[Records from a collection]
━━━━━━━━━━━━━━━━━━━━━━━━━━━━━━

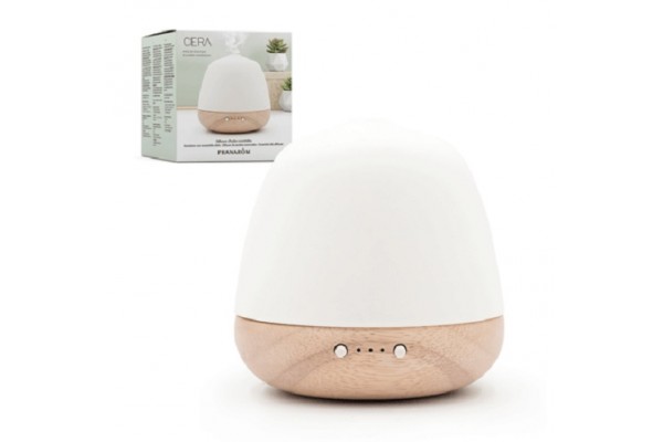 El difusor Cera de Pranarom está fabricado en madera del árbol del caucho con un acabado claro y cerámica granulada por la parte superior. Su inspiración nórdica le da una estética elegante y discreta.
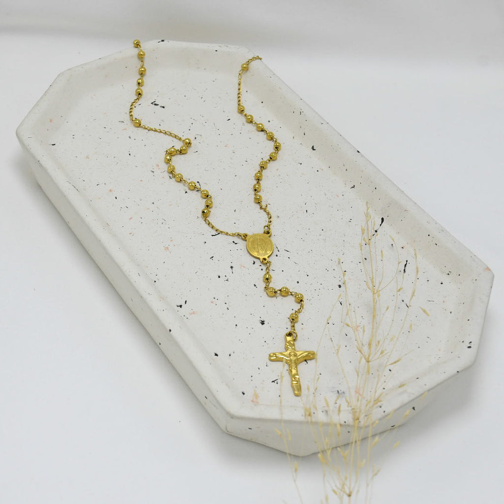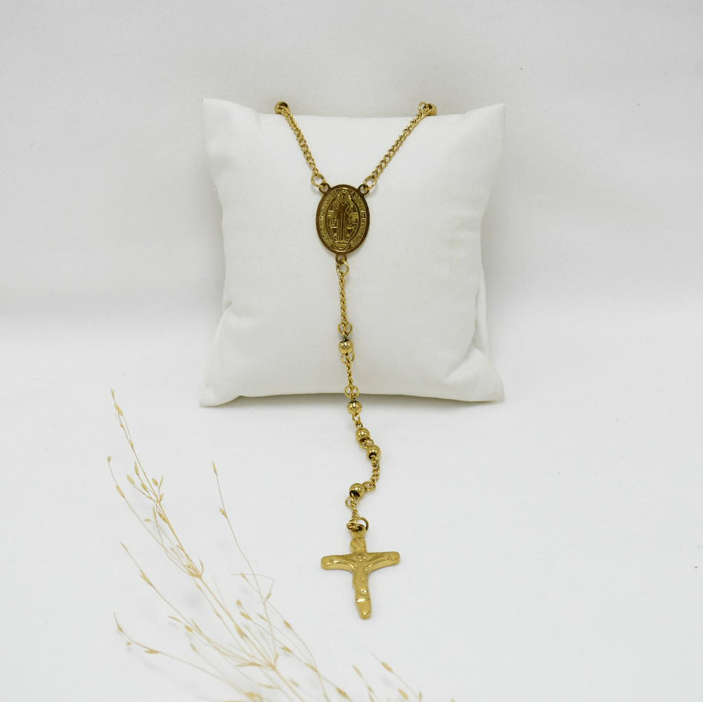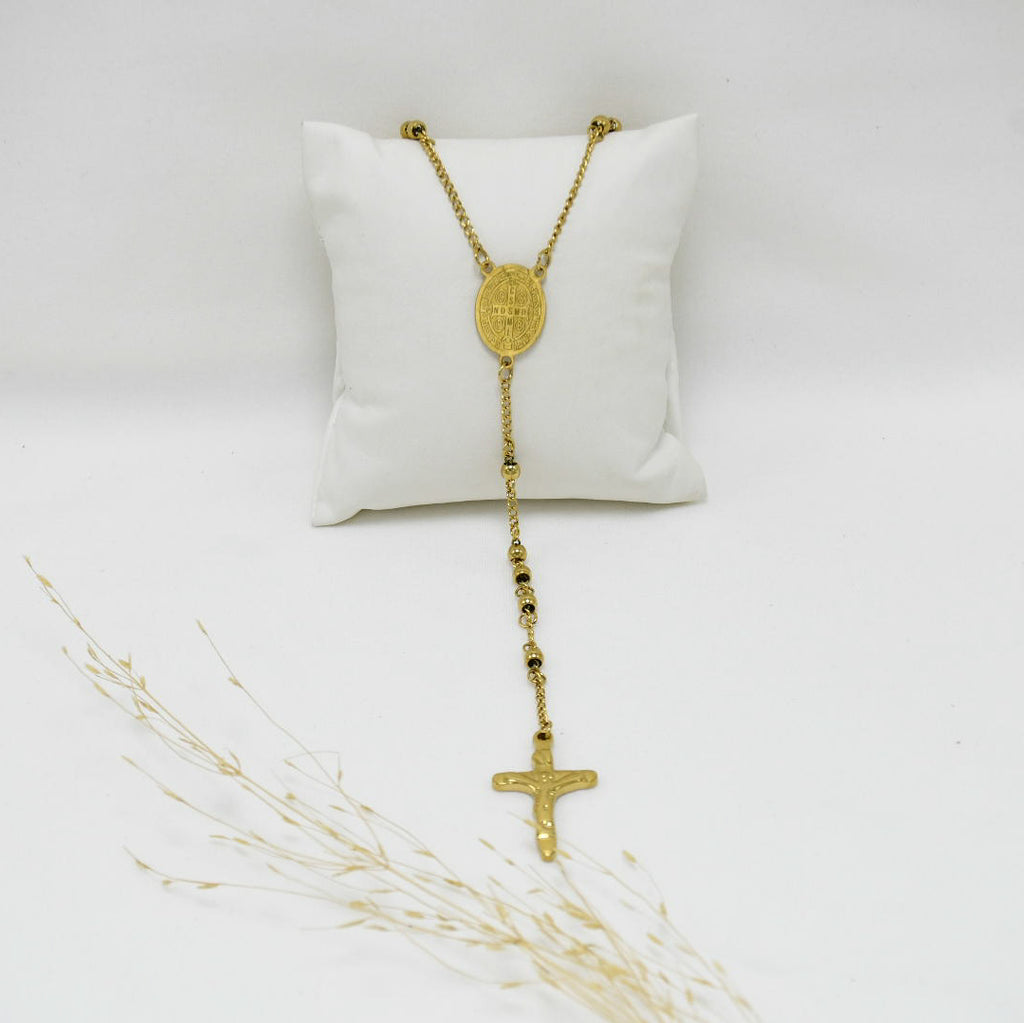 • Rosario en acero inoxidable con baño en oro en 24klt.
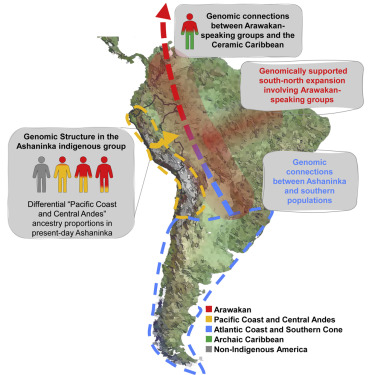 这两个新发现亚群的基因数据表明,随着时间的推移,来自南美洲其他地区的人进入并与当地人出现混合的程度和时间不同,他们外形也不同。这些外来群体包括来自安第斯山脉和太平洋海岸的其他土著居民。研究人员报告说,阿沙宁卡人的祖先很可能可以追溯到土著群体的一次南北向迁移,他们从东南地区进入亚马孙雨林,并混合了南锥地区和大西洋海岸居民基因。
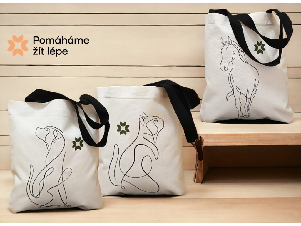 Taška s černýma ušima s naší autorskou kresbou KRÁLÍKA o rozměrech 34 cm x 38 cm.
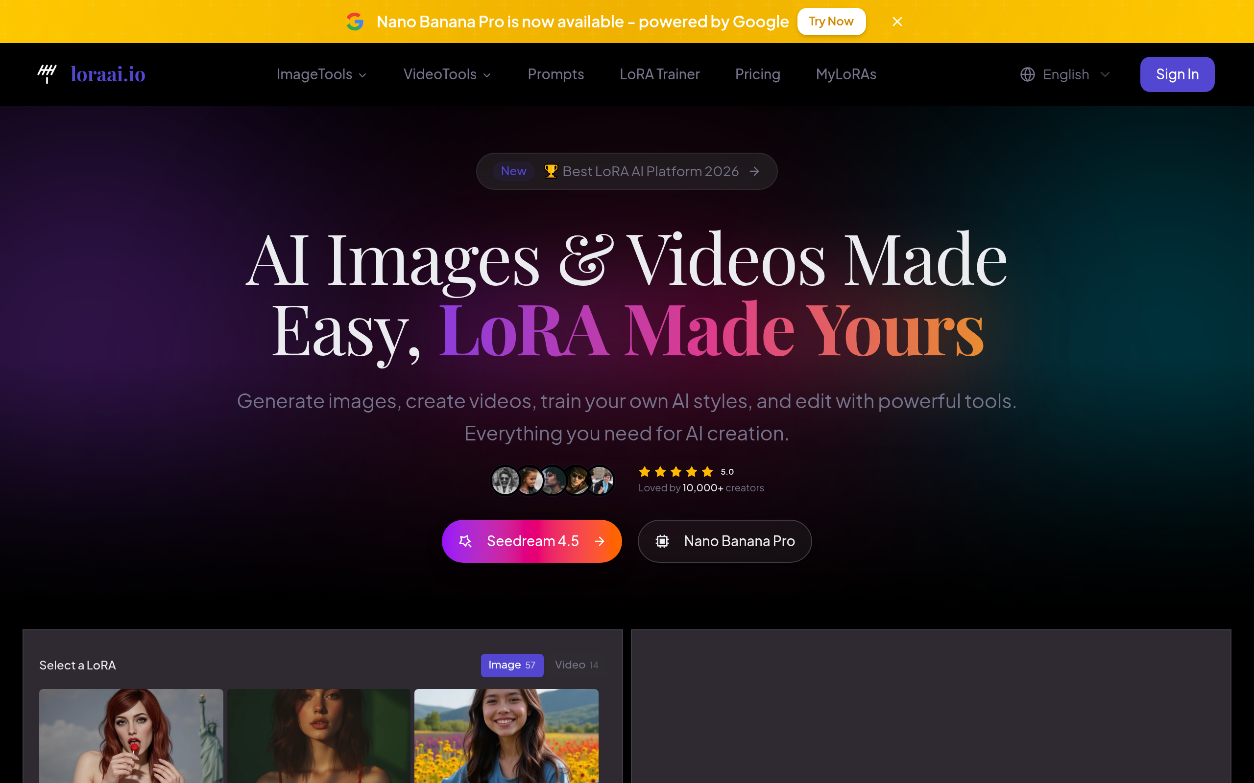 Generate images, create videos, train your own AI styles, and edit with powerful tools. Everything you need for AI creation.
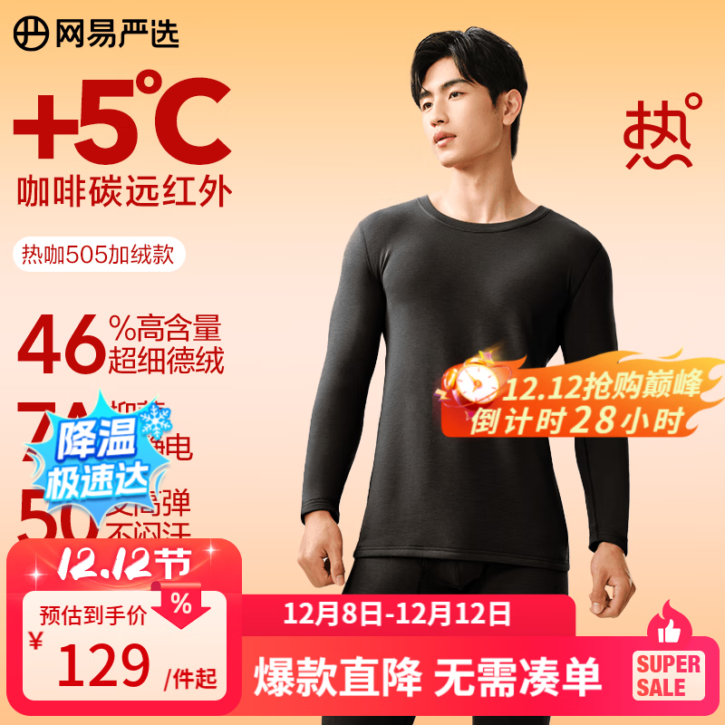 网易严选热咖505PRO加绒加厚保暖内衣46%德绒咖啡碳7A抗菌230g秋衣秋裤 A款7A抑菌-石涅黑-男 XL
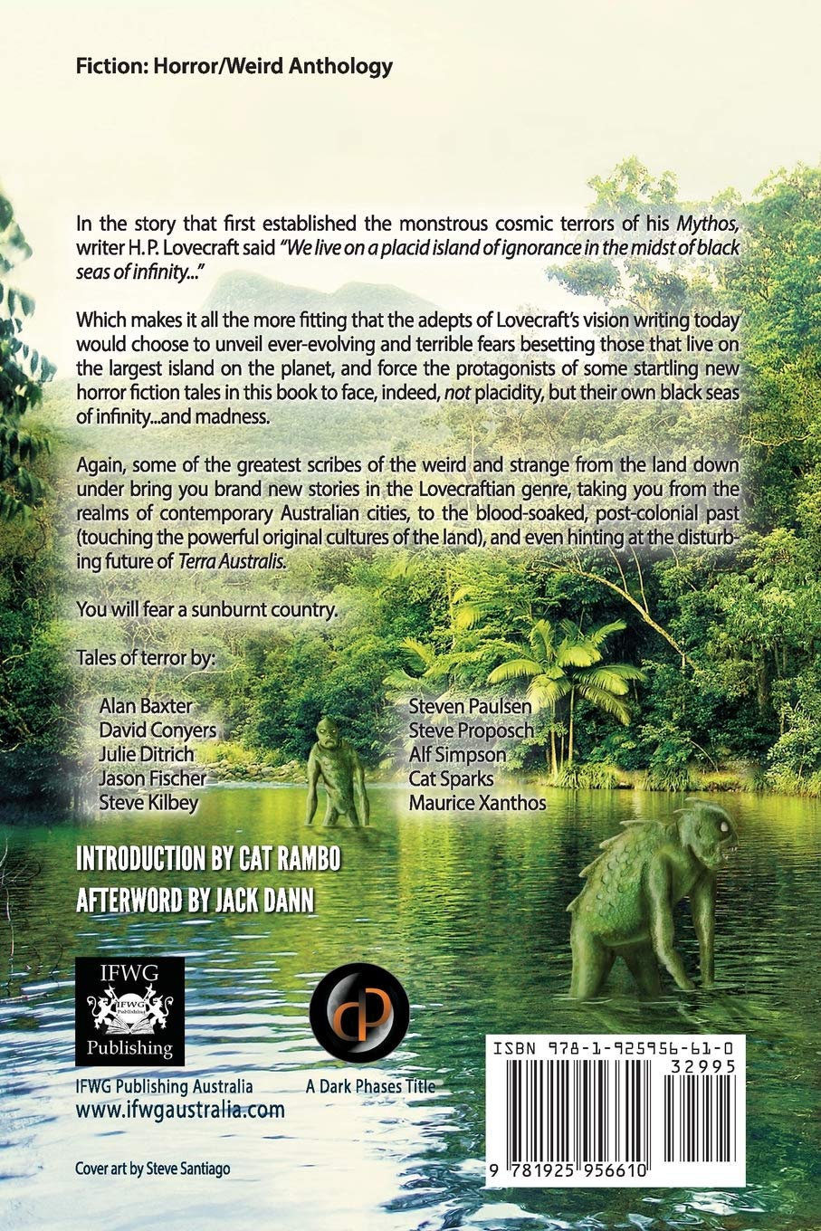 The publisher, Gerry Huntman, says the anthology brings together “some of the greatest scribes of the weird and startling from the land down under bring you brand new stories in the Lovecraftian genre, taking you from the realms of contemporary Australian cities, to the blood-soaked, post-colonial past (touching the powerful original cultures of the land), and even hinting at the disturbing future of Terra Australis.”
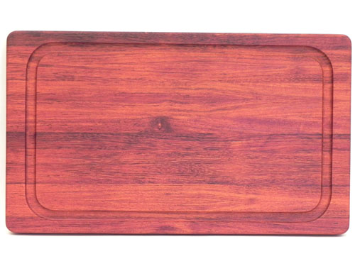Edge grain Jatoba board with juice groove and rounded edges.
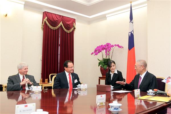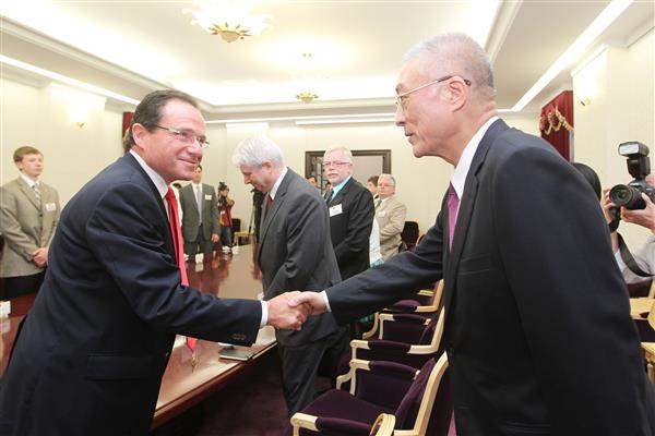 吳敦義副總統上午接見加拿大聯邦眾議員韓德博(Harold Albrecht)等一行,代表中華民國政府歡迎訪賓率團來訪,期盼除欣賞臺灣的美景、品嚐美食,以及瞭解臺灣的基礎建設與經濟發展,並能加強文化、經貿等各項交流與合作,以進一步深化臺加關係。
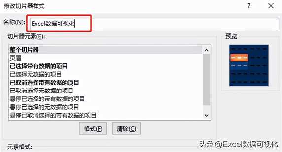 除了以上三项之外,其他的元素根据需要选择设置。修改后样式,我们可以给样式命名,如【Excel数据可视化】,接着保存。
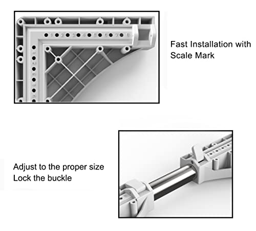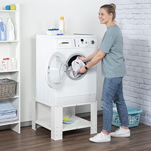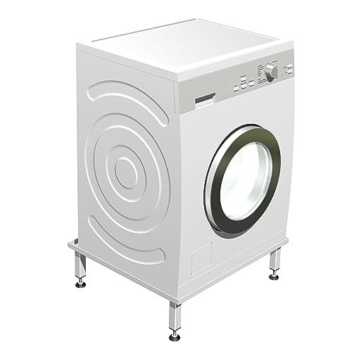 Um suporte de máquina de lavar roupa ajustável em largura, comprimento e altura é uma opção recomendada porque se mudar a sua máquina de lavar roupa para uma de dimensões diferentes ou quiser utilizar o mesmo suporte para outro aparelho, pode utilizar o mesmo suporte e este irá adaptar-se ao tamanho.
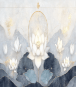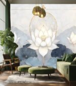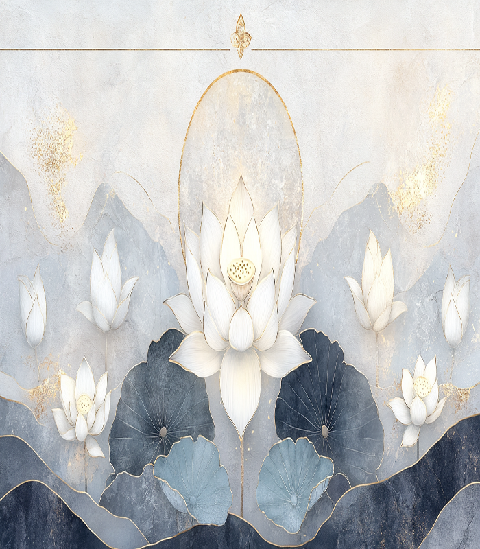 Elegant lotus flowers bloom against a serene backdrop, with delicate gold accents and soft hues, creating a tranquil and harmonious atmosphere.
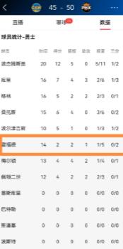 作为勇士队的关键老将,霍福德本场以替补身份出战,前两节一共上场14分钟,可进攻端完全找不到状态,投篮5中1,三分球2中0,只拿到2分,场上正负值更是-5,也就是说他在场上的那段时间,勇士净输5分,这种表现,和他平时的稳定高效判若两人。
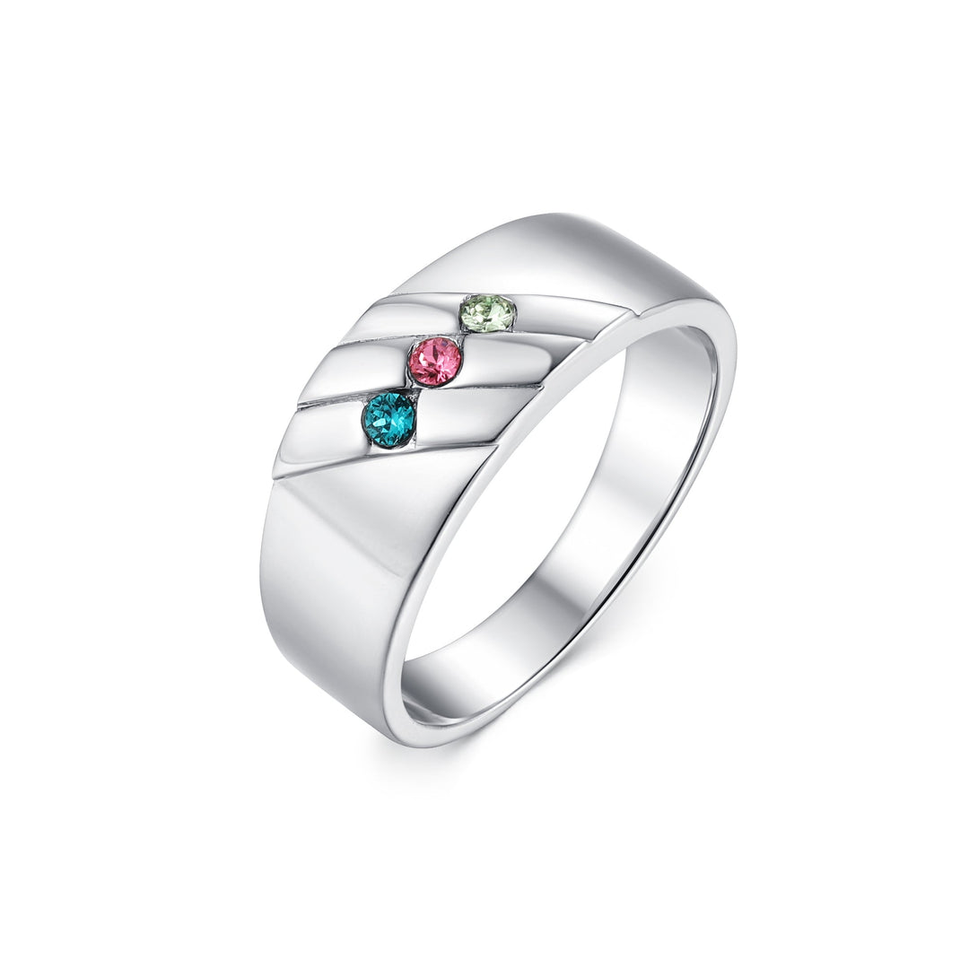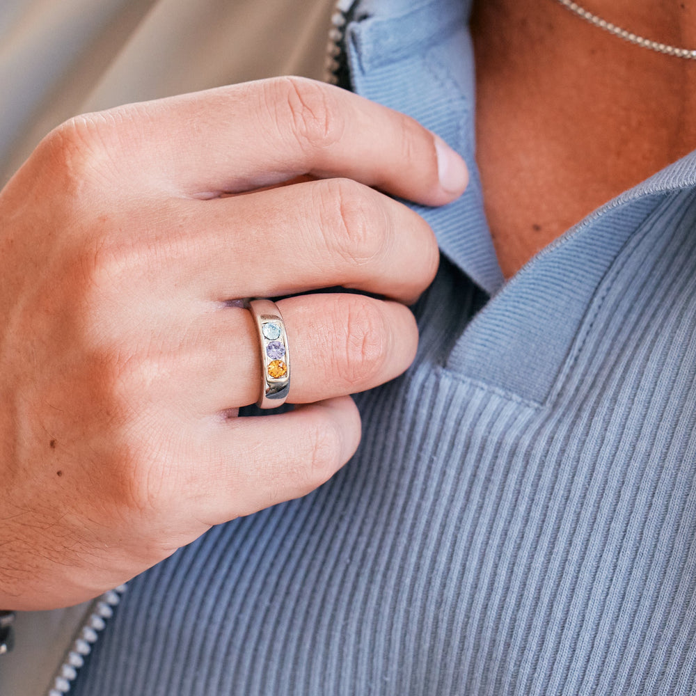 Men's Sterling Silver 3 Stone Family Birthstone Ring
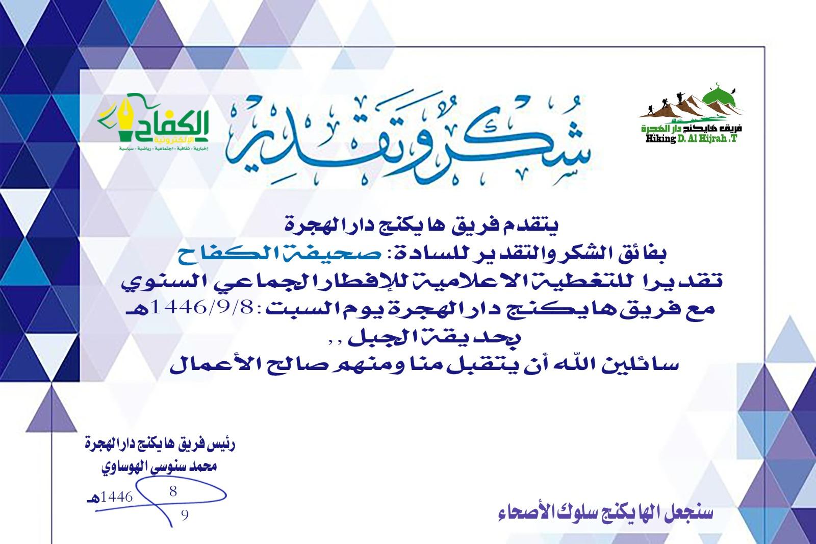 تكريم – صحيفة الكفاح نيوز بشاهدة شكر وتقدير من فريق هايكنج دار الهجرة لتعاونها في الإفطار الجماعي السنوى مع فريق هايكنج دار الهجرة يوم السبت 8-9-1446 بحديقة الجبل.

━━━━━━━━━━━━━━━━━━━━━━━━━━━━━━

**The problem:**
Only the lines from the beginning of the records through the line bearing "Taška s černýma" belong in the answer, copied word for word with pictures left out.

**Solution to the exercise:**
 El difusor Cera de Pranarom está fabricado en madera del árbol del caucho con un acabado claro y cerámica granulada por la parte superior. Su inspiración nórdica le da una estética elegante y discreta.
 • Rosario en acero inoxidable con baño en oro en 24klt.
 这两个新发现亚群的基因数据表明,随着时间的推移,来自南美洲其他地区的人进入并与当地人出现混合的程度和时间不同,他们外形也不同。这些外来群体包括来自安第斯山脉和太平洋海岸的其他土著居民。研究人员报告说,阿沙宁卡人的祖先很可能可以追溯到土著群体的一次南北向迁移,他们从东南地区进入亚马孙雨林,并混合了南锥地区和大西洋海岸居民基因。
 Taška s černýma ušima s naší autorskou kresbou KRÁLÍKA o rozměrech 34 cm x 38 cm.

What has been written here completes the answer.